Build and run the SyncCluster test results in the expected two lines and the trace afterwards:

panic outside lock
panic: panic outside lock

Inserting the panic after the lock like this

diff --git a/lib/db/meta.go b/lib/db/meta.go
index dffc3f3ed..c14cf43df 100644
--- a/lib/db/meta.go
+++ b/lib/db/meta.go
@@ -8,6 +8,7 @@ package db
 
 import (
        "bytes"
+       "fmt"
        "math/bits"
        "time"
 
@@ -114,6 +115,8 @@ func (m *metadataTracker) addFile(dev protocol.DeviceID, f FileIntf) {
 
        m.mut.Lock()
        m.dirty = true
+       fmt.Println("panic inside lock")
+       panic("panic inside lock")
 
        if flags := f.FileLocalFlags(); flags == 0 {
                // Account regular files in the zero-flags bucket.

Results in the fmt line to be printed, but no panic - the process even seems to partially carry on before hanging:

panic inside lock
panic inside lock
[I6KAH] 15:19:35 INFO: Detected 3 NAT services

I can’t find anything helpful in the trace when the test finally times out: test.out (8.1 KB)

Any ideas what the reason might be?

calmh · December 16, 2018, 4:36pm

Are we missing something with the suture-should-not-restart-panics in that code path?

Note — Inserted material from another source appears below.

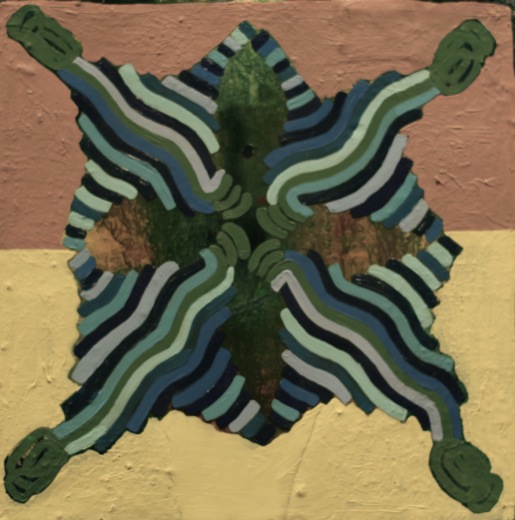the small paintings began with the discovery of a 1950’s plastic model kit for children, that explained how the sense of touch worked (and hence, the title for the small works was, ‘the anatomy of touch’).  in the paintings, i used various parts of the kit (magnified parts of a fingertip) as well as the instruction sheet, as building blocks for abstract images.

If the code path is from the HTTP server it would swallow the panic (though also print it) and we’d hang on the lock next time through. addFile though shouldn’t get called that way, afaik.

imsodin · December 16, 2018, 6:08pm

The panics works if it’s in the exact same function above the lock - so it can’t be a missed suture-passthrough-panic-thing.

calmh · December 16, 2018, 6:52pm

I admit I have no better idea…

imsodin · December 16, 2018, 9:00pm

Pity, I was hoping this was some not so obvious consequence of an obscure language spec that you knew and not a weird problem that should be impossible and might also be specific to my system/syncthing integration tests/moon phase/…

calmh · December 16, 2018, 9:47pm

Well, it’s not just you - I see the same thing. Panic before the lock panics as it should. Panic inside the lock is swallowed. By what, I don’t know, but it’s bad and it shouldn’t happen.

Edit: Oh, I know. addFiles is called from (s *FileSet) Update(...) and it panics somewhere in the middle. But defers run on panic, and we have a defer s.meta.toDB(...) in there which tries to acquire the same lock while unwinding from the panic. So the panic never completes.

If addFiles used a defer unlock instead (and we don’t panic precisely between the lock and the defer-unlock, which should be impossible) it works.

Guideline: prefer defer unlocks…

imsodin · December 16, 2018, 11:39pm

Thanks a lot for finding the cause!
Apparently Go’s panic isn’t panicked enough if it lets itself be restrained by something as feeble as a simple lock

~~I found something completely puzzling concerning metadataTracker, which means it’s either broken or I am too tired already. To rule out the second I’ll go to sleep and have a look another time.~~ I have been sleeping

calmh · December 17, 2018, 7:11am

I think this is a double whammy of not using deferred unlock and doing stuff that takes locks in a defer. Both of those are probably suboptimal practice.